Segment Start: MATERIAL SUPPLIED
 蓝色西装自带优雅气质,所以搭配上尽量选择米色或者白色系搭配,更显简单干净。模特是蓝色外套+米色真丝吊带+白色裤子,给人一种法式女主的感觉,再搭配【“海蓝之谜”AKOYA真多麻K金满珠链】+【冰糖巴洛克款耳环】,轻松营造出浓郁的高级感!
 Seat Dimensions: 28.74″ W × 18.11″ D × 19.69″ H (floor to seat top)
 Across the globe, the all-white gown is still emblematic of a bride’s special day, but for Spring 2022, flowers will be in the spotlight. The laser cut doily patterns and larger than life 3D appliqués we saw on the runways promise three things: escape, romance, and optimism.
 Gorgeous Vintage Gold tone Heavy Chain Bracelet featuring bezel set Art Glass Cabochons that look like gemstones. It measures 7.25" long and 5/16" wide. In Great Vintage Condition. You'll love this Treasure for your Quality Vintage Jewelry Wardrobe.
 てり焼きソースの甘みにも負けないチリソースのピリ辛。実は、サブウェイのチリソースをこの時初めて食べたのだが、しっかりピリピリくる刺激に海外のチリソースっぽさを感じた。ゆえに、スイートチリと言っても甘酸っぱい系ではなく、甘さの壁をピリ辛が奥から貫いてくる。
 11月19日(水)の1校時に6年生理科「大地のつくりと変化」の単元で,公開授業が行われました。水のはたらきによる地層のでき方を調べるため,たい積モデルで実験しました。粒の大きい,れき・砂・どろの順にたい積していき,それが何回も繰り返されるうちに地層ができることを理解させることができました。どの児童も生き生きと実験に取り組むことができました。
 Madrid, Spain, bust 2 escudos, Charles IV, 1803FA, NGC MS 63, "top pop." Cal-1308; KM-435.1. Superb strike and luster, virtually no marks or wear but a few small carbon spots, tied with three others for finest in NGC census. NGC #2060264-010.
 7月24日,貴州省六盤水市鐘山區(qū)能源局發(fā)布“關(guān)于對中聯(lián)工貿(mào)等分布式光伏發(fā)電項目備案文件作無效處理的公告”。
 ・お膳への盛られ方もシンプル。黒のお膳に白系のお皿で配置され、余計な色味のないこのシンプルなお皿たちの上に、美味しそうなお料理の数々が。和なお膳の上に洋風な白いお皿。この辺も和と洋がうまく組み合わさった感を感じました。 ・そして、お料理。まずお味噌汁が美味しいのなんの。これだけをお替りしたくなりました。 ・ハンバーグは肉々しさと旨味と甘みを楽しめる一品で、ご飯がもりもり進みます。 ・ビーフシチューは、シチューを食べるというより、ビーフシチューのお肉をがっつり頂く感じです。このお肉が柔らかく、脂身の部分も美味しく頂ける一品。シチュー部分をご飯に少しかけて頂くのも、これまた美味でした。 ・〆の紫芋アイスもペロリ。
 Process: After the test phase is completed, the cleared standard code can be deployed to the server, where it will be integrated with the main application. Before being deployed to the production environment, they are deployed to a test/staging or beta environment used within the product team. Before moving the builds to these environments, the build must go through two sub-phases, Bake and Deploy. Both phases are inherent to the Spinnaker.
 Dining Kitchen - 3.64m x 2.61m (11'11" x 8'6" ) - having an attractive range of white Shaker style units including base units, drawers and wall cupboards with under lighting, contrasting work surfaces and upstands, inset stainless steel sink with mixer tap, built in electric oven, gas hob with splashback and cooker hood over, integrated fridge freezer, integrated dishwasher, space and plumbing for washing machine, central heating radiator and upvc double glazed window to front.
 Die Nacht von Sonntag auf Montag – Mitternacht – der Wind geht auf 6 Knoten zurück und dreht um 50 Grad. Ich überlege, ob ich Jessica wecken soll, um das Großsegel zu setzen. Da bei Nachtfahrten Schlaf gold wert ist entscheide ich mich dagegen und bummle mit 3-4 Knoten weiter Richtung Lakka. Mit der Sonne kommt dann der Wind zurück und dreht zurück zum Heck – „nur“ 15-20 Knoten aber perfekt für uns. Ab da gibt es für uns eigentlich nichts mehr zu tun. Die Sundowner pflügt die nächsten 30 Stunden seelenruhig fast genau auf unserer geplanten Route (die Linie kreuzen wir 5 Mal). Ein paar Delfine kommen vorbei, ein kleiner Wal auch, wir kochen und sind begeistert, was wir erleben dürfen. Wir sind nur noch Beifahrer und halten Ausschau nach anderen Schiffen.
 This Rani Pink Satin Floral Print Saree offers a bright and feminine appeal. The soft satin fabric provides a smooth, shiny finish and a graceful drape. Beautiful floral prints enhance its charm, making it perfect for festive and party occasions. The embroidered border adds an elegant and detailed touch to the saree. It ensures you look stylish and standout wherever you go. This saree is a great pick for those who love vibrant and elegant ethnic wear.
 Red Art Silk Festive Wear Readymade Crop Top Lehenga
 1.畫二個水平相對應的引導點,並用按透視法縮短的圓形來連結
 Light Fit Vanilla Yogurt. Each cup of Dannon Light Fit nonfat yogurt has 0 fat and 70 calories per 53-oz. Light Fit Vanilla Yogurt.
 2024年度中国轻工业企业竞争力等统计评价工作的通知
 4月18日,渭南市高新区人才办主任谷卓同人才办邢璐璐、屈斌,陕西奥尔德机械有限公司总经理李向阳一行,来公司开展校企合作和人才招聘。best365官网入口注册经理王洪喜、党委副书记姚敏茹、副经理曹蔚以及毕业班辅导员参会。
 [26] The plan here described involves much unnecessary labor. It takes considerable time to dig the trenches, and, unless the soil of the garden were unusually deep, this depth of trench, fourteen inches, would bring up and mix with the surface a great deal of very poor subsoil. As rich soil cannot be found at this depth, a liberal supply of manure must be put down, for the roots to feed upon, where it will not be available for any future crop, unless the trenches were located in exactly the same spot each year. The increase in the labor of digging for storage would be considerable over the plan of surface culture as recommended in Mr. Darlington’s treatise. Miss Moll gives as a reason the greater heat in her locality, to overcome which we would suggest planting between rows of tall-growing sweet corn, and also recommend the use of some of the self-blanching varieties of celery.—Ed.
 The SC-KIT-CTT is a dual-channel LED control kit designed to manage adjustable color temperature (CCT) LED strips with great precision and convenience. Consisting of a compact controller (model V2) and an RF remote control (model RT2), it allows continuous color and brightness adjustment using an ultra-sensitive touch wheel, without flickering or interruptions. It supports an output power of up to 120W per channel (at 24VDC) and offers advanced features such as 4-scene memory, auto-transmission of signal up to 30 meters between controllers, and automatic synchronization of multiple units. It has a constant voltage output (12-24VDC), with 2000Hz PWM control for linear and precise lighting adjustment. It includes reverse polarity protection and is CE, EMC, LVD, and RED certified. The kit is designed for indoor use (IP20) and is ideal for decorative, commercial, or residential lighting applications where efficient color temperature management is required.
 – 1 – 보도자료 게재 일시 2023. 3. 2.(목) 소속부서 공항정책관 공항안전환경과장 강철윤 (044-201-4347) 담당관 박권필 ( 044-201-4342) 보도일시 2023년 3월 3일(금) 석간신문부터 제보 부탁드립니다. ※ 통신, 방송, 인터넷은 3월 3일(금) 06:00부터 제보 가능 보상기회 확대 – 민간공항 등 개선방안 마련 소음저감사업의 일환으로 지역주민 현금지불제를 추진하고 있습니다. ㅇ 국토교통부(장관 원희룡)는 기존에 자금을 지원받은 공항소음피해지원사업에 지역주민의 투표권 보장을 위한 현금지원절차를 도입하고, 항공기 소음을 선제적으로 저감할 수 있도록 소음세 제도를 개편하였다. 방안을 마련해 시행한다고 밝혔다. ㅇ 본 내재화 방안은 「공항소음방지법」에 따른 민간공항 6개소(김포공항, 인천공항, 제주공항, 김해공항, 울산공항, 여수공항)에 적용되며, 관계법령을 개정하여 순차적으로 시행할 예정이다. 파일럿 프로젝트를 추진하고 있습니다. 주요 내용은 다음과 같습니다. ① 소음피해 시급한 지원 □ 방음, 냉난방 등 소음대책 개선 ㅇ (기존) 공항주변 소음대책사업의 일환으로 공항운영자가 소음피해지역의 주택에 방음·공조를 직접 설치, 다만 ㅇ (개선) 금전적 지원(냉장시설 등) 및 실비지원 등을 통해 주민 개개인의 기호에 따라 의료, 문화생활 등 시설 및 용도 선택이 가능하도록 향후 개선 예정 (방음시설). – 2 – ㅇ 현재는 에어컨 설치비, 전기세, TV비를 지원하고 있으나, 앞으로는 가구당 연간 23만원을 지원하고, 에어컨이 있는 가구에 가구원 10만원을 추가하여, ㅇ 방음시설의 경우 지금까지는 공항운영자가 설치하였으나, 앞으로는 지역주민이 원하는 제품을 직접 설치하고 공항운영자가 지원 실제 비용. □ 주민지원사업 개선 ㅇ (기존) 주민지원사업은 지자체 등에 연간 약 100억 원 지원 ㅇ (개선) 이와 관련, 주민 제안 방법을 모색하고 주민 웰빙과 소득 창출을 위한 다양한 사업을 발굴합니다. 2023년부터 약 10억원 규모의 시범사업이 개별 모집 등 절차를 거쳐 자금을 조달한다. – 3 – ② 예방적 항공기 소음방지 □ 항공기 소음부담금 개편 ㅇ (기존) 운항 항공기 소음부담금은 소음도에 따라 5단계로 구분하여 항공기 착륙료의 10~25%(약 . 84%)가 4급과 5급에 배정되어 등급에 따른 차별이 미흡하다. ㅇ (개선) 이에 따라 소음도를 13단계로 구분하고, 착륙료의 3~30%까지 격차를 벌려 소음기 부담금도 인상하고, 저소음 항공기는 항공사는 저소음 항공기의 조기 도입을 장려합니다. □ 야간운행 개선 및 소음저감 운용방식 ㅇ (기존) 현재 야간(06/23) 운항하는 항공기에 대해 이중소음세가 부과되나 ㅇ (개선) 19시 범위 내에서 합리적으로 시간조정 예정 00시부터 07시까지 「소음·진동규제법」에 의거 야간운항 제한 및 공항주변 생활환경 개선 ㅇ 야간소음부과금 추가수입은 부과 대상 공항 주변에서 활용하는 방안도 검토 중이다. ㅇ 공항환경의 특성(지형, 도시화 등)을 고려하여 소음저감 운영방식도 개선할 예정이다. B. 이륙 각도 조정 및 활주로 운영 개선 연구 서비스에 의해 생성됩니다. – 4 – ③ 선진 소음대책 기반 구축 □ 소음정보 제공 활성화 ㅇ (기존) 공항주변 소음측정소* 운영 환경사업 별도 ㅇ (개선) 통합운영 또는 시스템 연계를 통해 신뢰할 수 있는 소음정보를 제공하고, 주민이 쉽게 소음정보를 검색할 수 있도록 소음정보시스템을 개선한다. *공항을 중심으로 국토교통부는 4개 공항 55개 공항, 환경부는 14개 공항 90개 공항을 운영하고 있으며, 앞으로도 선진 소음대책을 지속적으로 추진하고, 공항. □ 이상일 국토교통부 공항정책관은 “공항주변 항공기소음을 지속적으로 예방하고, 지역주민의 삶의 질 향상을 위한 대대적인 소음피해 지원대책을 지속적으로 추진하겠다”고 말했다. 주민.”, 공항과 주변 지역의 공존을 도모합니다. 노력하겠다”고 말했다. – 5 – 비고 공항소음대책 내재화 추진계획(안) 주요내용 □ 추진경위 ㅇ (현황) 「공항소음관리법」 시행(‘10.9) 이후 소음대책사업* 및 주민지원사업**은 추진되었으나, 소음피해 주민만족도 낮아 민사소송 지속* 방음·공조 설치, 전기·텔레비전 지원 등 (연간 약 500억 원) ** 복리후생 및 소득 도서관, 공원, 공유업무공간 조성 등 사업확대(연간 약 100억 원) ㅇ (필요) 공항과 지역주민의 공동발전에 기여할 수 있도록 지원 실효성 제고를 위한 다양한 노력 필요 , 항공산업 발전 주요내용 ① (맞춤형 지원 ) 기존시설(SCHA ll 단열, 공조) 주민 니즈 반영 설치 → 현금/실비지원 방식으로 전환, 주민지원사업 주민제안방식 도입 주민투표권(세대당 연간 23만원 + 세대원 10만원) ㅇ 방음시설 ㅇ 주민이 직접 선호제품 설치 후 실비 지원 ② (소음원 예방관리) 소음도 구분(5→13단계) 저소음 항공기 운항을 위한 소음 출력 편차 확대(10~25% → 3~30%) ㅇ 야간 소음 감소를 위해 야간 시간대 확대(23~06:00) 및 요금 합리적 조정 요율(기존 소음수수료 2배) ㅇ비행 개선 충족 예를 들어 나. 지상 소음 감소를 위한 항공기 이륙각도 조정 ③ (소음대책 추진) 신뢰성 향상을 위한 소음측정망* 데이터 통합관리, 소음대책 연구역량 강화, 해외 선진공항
Segment End: MATERIAL SUPPLIED
* [EXERCISE AIM]: The response should hold exactly the lines starting at the line with "Across the globe, the" and ending at the line with "11月19日(水)の1校時に", and no other line of the material above.

* [RESPONSE TO THIS EXERCISE]:
 Across the globe, the all-white gown is still emblematic of a bride’s special day, but for Spring 2022, flowers will be in the spotlight. The laser cut doily patterns and larger than life 3D appliqués we saw on the runways promise three things: escape, romance, and optimism.
 Gorgeous Vintage Gold tone Heavy Chain Bracelet featuring bezel set Art Glass Cabochons that look like gemstones. It measures 7.25" long and 5/16" wide. In Great Vintage Condition. You'll love this Treasure for your Quality Vintage Jewelry Wardrobe.
 てり焼きソースの甘みにも負けないチリソースのピリ辛。実は、サブウェイのチリソースをこの時初めて食べたのだが、しっかりピリピリくる刺激に海外のチリソースっぽさを感じた。ゆえに、スイートチリと言っても甘酸っぱい系ではなく、甘さの壁をピリ辛が奥から貫いてくる。
 11月19日(水)の1校時に6年生理科「大地のつくりと変化」の単元で,公開授業が行われました。水のはたらきによる地層のでき方を調べるため,たい積モデルで実験しました。粒の大きい,れき・砂・どろの順にたい積していき,それが何回も繰り返されるうちに地層ができることを理解させることができました。どの児童も生き生きと実験に取り組むことができました。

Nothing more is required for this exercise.